Hmmm, I think I found little favour in anyone because I didn't feel
most of them were very real. Something about this book just didn't
work for me. Joe didn't seem like a real character to me and as a
consequence nearly everyone I saw through his eyes didn't seem real.
Joe was polite to the point of stiltedness even with Mary Ann and that
seemed off to me, I couldn't see him having stayed so polite with the
person acting as his mother all the way from the age of 5 to 24, and
that reflected badly on Mary Ann to me. I wasn't convinced that June
was after him in himself. I'd have felt better about her if she'd let
the ruby bracelet sink and told Joe it was him she was interested in
and not material things whether they were rubies or scars. Lorna and
Chrissa did seem like more sympathetic characters because they had
smaller roles and so Joe's viewpoint didn't intrude so much on my view
of them.
I think Savannah came over as more of a sympathetic character to me
because she was more on Joe's wavelength, she had the same kind of
mannered surface that comes of being a mature child who doesn't fit
into an adult world, which is sort of what Joe is too. So she seemed
more real in Joe's world than the adults around her and therefore I
was more favourably inclined towards her.
I thought the real relationship was obvious from the point that Thor
said he wasn't really Joe's father though I thought that maybe the
clues to that conclusion were too obvious and spent some time
wondering which of the other older men in the book could be his
father.
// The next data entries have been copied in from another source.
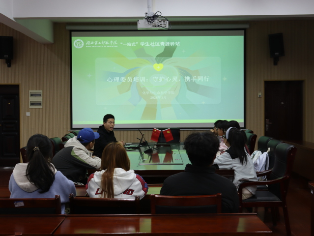 本网讯(通讯员 陈梦怡)为加强学院心理健康教育工作,明确心理委员职责,提升其心理识别与应急处置能力,充分发挥心理委员在班级心理健康工作中的“信息员、宣传员、陪伴者、联络员”作用,3月25日,化学与生命科学学院在党员活动室开展心理委员专题培训,学院专职辅导员黄世杰担任主讲,各班级心理委员、院心服中心成员参加培训。
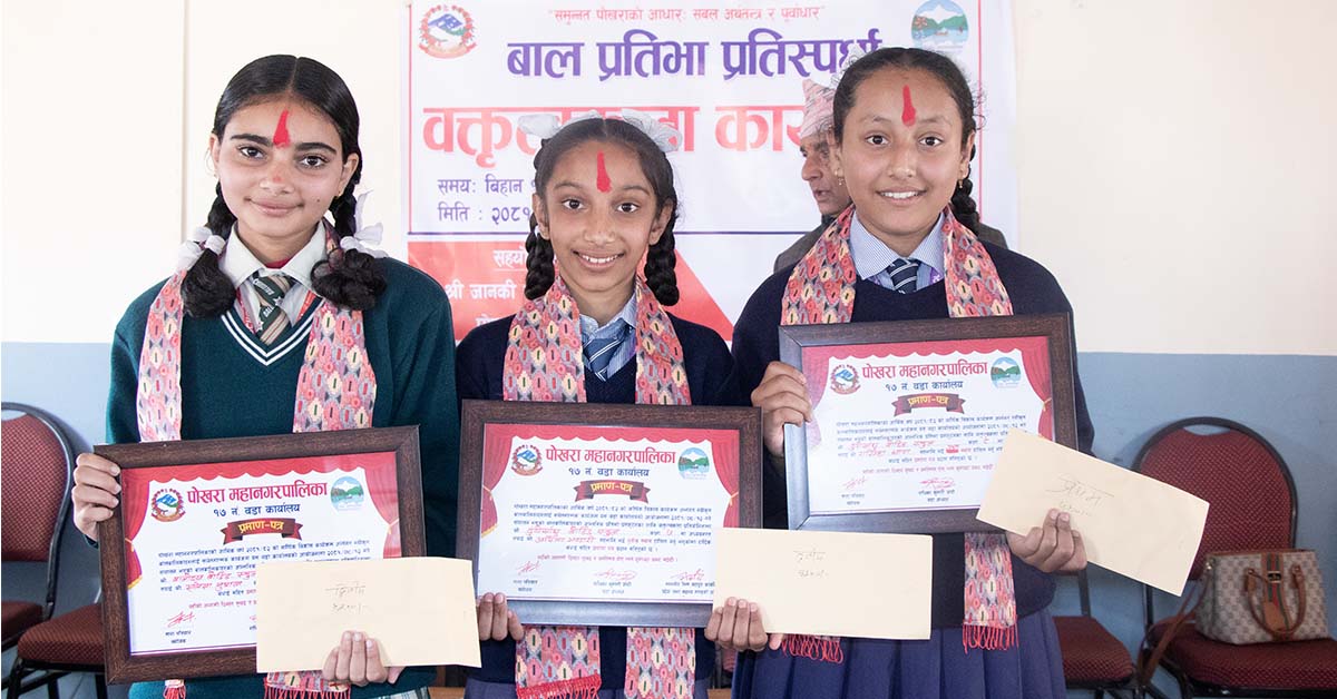 प्रतियोगितामा पहिलो पुरस्कार रु. १०,००० र प्रमाणपत्र कक्षा ८ की रासिका थापाले ( ढुंगे साहु बोर्डिङ स्कुल), दोस्रो पुरस्कार रु. ७,००० र प्रमाणपत्र कक्षा १० की एलिशा कुसालले (बालोदय बोर्डिङ स्कुल) , तेस्रो पुरस्कार रु. ५,००० र प्रमाणपत्र कक्षा ८ की अर्पिता भण्डारीले (ढुंगे साहु बोर्डिङ स्कुल) यसै सान्त्वना पुरस्कार रु. ३,००० र प्रमाणपत्र कक्षा १० की जेनिशा घलेले (पि.के.जि. स्कुल) ले प्रतियोगितमा हात पार्न सफल भएका थिए।
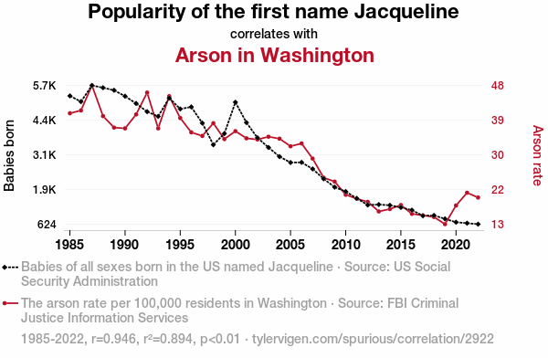 "Jacqueline name popularity," "arson in Washington," "correlation coefficient," "FBI Criminal Justice Information Services," "US Social Security Administration data," "name and arson correlation," "causation vs correlation," "name trends and crime statistics," "research on name and crime correlation," "impact of name on criminal behavior."
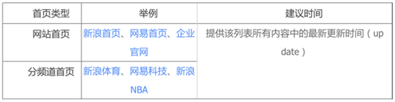 比如網(wǎng)站的首頁或者是分頻道首頁,就像一些新聞門戶網(wǎng)站,這類型的特征是內(nèi)容較多,鏈接也較多,內(nèi)容更新較快,只需要提供最新的更新時(shí)間就行。(如下圖示)
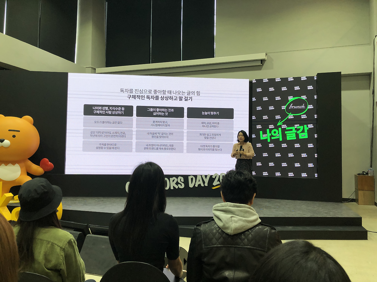 # 브런치 Talk로는 카카오브런치의 마케터, 기획자, 매거진B 에디터 세 분의 대담으로 진행되었다. 사회를 맡은 마케터분께서는 시종일관 노잼이라며 분위기를 걱정하셨지만, 개인적으로 무언가 좋아하는 일을 진실하게 고민하며 하고 있는 사람들에게서 느껴지는 건강한 에너지가 좋았다. '에디터'라는 직업에 대한 애정 어린 고찰도.
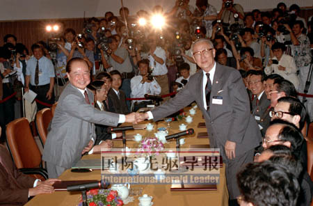 成立之初,可說是兩會協(xié)商的小陽春。海協(xié)會首任會長汪道涵和;鶗兹味麻L辜振甫,不僅達成“九二共識”,還建立了兩會定期之制度化協(xié)商機制。新加坡、上海、北京,處處留下兩會協(xié)商的身影。但經(jīng)1996年臺海危機以及1999年的“兩國論”事件,兩會協(xié)商被臺灣當局惡意中斷。2005年,辜汪二老先后辭世,留下永生的遺憾。

Between the acid and Will and Jack Blazak this was very much
a book about fathers so I would have been disappointed if Will hadn't
turned out to be Joe's father. I was surprised that this came as news
to Mary Ann though, I thought that she would have put two and two and
two together and made six long before Joe found out.
I thought Will's skills at manipulation made him a bad husband and
father, it didn't gel for me that both Joe and Mary Ann would still
think he was wonderful. I didn't really get what Will's dreams were.
He has a rich wife and plenty of money, he's blackmailing people and
though I think he thinks that he's trying to make the world a better
place and doesn't realise that he's just as corrupt as the rest of
them. All a bit twisted but that was the point I guess.
I'm trying to put my finger on quite why Joe doesn't work for me when
Mallory in Carol O'Connell's books works for me perfectly. They are
both characters who have had bad childhood experiences and who show
little emotion to others. Somehow the third person narration of
Mallory works better for me than the first person narration of Joe
even though on the face of it I'd think that the first person
narration might work better for the reader because we know we're only
seeing what the character doing the talking wants us to see.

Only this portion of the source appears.